Background: Personality traits, namely higher neuroticism and lower conscientiousness, are predictive of dementia, although the complex relationship has yet to be fully explained. With >60 years of prospectively collected data, the Wisconsin Longitudinal Study (WLS) provides a unique opportunity to thoroughly evaluate this association in a population-based randomly selected cohort. Using a gold-standard diagnostic approach to characterize dementia prevalence, we leverage life course WLS data to examine the association between mid-life personality traits and late-life dementia risk.

Method: Big Five personality traits (neuroticism, conscientiousness, openness, extraversion, and agreeableness) were prospectively measured in 1993-94 at mid-life (ages 54-55). Cognitive status was determined in late-life starting in 2020 (age 81) using a two-phased approach. Participants were first screened via the Telephone Interview for Cognitive Status (TICS-m), with those scoring below cutoff (≤28) selected for additional comprehensive medical and cognitive assessment reviewed by a multi-disciplinary clinician consensus panel to determine dementia diagnosis. To evaluate the association between midlife personality traits and late-life all-cause dementia risk, we performed a binary logistic regression controlling for age, sex, ApolipoproteinE-4 (ApoE-4) status, adolescent IQ, education, comprehensive smoking history, and lifetime burden of systemic health factors (hypertension, diabetes, stroke, heart disease).

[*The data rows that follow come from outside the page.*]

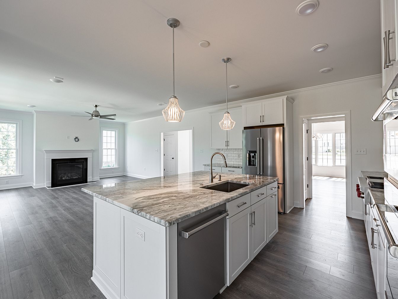 A modern kitchen featuring an expansive island with a striking granite countertop, complemented by sleek white cabinetry. Pendant lights hang above the island, adding a touch of elegance, while stainless steel appliances, including a fridge and a stovetop, reflect contemporary design. The open layout connects to a spacious living area, highlighted by a cozy fireplace framed by white molding. Light gray hardwood flooring runs throughout, enhancing the airy feel, and large windows allow abundant natural light, illuminating the space. Subtle white and gray color schemes create a soothing ambiance, perfect for both cooking and entertaining.
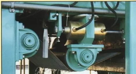 在脫水機(jī)的濾帶兩側(cè),各裝有一個(gè)限位開關(guān),和濾帶保持一定的距離,在濾帶碰觸到限位開關(guān)以后,限位開關(guān)給糾偏氣缸的空氣電動閥一個(gè)開啟信號,糾偏氣缸開始動作,推動糾偏輥?zhàn)?,濾帶在糾偏輥?zhàn)拥膸酉拢貧w到正常的位置,完成一次完整的糾偏。帶式壓濾脫水機(jī)在運(yùn)行中,不斷的進(jìn)行糾偏動作,對跑偏的濾帶進(jìn)行糾偏,從而保證了帶式壓濾機(jī)的正常穩(wěn)定的運(yùn)行。
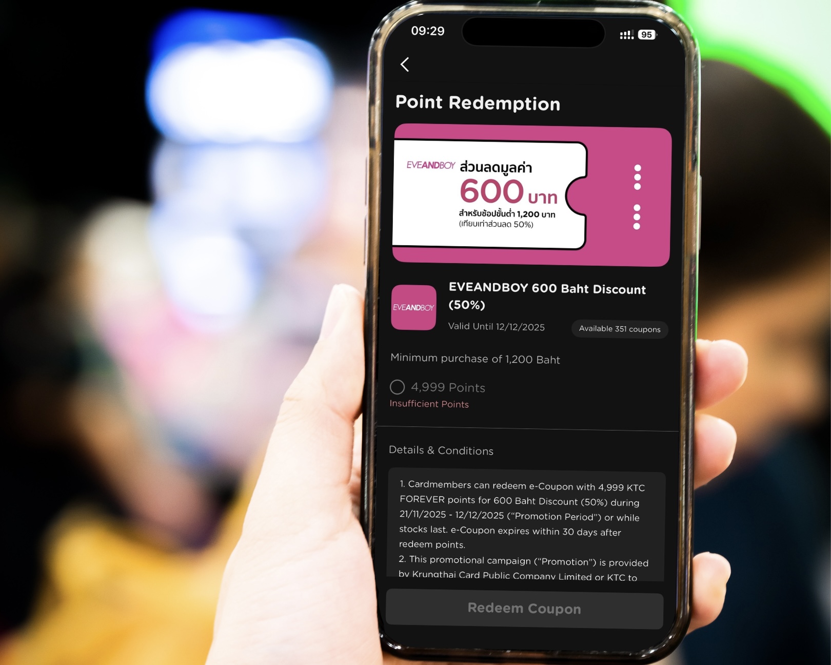สมาชิกบัตรเครดิตเคทีซีทุกประเภท รับสิทธิพิเศษเมื่อช้อปที่ร้าน EVEANDBOY เฉพาะช่วง END YEAR GRAND SALE 2025 เพียงแลกคะแนน KTC FOREVER ผ่านแอป KTC Mobile รับส่วนลดทันทีสูงสุด 70% (สิทธิ์นี้เฉพาะการช้อปที่หน้าร้าน ไม่รวมช่องทางออนไลน์) ระหว่างวันที่ 21 พฤศจิกายน – วันที่ 12 ธันวาคม 2568

Result: 3765 WLS participants were included in analyses. The overall logistic regression model was statistically significant (Chi(14) = 207.52, p<0.001), explaining 12.3% of the variance in dementia outcome. Each unit increase in mid-life conscientiousness corresponded to a 4.5% decrease in the odds of late-life dementia (OR = 0.955 [95% CI: 0.926-0.985], p = 0.003), while the remaining four personality factors were not predictive of dementia risk.

Conclusion: Using a longitudinal population-based cohort, we find that lower mid-life conscientiousness increases risk for dementia in late-life, and conversely, higher mid-life conscientiousness is protective for late-life dementia. Although prior research suggests higher neuroticism is also associated with dementia outcomes, our data did not support this finding. Future work should explore potential pathways and mechanisms by which personality traits affect cognition and neurodegenerative disease risk, including the possible mediating role of personality-associated health behaviors.